Material supplied
■ ■ ■

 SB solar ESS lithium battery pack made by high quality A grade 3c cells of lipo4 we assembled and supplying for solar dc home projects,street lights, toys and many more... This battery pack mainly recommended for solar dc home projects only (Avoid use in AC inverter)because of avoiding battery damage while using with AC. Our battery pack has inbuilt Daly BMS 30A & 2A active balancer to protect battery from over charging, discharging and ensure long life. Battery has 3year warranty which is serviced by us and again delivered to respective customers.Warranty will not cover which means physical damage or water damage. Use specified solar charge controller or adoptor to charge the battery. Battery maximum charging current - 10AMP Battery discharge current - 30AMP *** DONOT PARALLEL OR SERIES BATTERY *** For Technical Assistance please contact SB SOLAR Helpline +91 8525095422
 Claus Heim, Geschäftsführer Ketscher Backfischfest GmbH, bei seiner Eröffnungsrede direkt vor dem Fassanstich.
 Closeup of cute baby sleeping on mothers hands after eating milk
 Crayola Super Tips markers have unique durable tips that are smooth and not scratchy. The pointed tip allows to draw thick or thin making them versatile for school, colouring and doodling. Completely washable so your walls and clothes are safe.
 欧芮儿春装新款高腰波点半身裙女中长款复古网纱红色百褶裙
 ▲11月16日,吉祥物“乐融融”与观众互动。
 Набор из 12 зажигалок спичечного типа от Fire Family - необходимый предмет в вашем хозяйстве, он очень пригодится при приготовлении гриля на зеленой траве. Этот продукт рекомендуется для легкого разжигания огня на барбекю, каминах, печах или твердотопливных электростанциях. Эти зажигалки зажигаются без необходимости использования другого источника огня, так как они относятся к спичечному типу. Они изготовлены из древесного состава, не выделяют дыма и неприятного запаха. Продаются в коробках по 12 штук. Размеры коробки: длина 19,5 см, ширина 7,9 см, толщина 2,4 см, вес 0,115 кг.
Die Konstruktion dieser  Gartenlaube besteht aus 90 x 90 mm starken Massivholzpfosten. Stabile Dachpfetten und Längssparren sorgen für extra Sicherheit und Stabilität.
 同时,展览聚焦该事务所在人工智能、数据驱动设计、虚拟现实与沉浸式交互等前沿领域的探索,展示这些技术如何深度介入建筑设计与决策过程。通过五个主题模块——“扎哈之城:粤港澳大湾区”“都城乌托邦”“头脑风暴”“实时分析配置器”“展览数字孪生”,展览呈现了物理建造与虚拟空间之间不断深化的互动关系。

■ ■ ■

Aim of the exercise
From the first line to the last, return the material exactly.

Task solution
 SB solar ESS lithium battery pack made by high quality A grade 3c cells of lipo4 we assembled and supplying for solar dc home projects,street lights, toys and many more... This battery pack mainly recommended for solar dc home projects only (Avoid use in AC inverter)because of avoiding battery damage while using with AC. Our battery pack has inbuilt Daly BMS 30A & 2A active balancer to protect battery from over charging, discharging and ensure long life. Battery has 3year warranty which is serviced by us and again delivered to respective customers.Warranty will not cover which means physical damage or water damage. Use specified solar charge controller or adoptor to charge the battery. Battery maximum charging current - 10AMP Battery discharge current - 30AMP *** DONOT PARALLEL OR SERIES BATTERY *** For Technical Assistance please contact SB SOLAR Helpline +91 8525095422
 Claus Heim, Geschäftsführer Ketscher Backfischfest GmbH, bei seiner Eröffnungsrede direkt vor dem Fassanstich.
 Closeup of cute baby sleeping on mothers hands after eating milk
 Crayola Super Tips markers have unique durable tips that are smooth and not scratchy. The pointed tip allows to draw thick or thin making them versatile for school, colouring and doodling. Completely washable so your walls and clothes are safe.
 欧芮儿春装新款高腰波点半身裙女中长款复古网纱红色百褶裙
 ▲11月16日,吉祥物“乐融融”与观众互动。
 Набор из 12 зажигалок спичечного типа от Fire Family - необходимый предмет в вашем хозяйстве, он очень пригодится при приготовлении гриля на зеленой траве. Этот продукт рекомендуется для легкого разжигания огня на барбекю, каминах, печах или твердотопливных электростанциях. Эти зажигалки зажигаются без необходимости использования другого источника огня, так как они относятся к спичечному типу. Они изготовлены из древесного состава, не выделяют дыма и неприятного запаха. Продаются в коробках по 12 штук. Размеры коробки: длина 19,5 см, ширина 7,9 см, толщина 2,4 см, вес 0,115 кг.
Die Konstruktion dieser  Gartenlaube besteht aus 90 x 90 mm starken Massivholzpfosten. Stabile Dachpfetten und Längssparren sorgen für extra Sicherheit und Stabilität.
 同时,展览聚焦该事务所在人工智能、数据驱动设计、虚拟现实与沉浸式交互等前沿领域的探索,展示这些技术如何深度介入建筑设计与决策过程。通过五个主题模块——“扎哈之城:粤港澳大湾区”“都城乌托邦”“头脑风暴”“实时分析配置器”“展览数字孪生”,展览呈现了物理建造与虚拟空间之间不断深化的互动关系。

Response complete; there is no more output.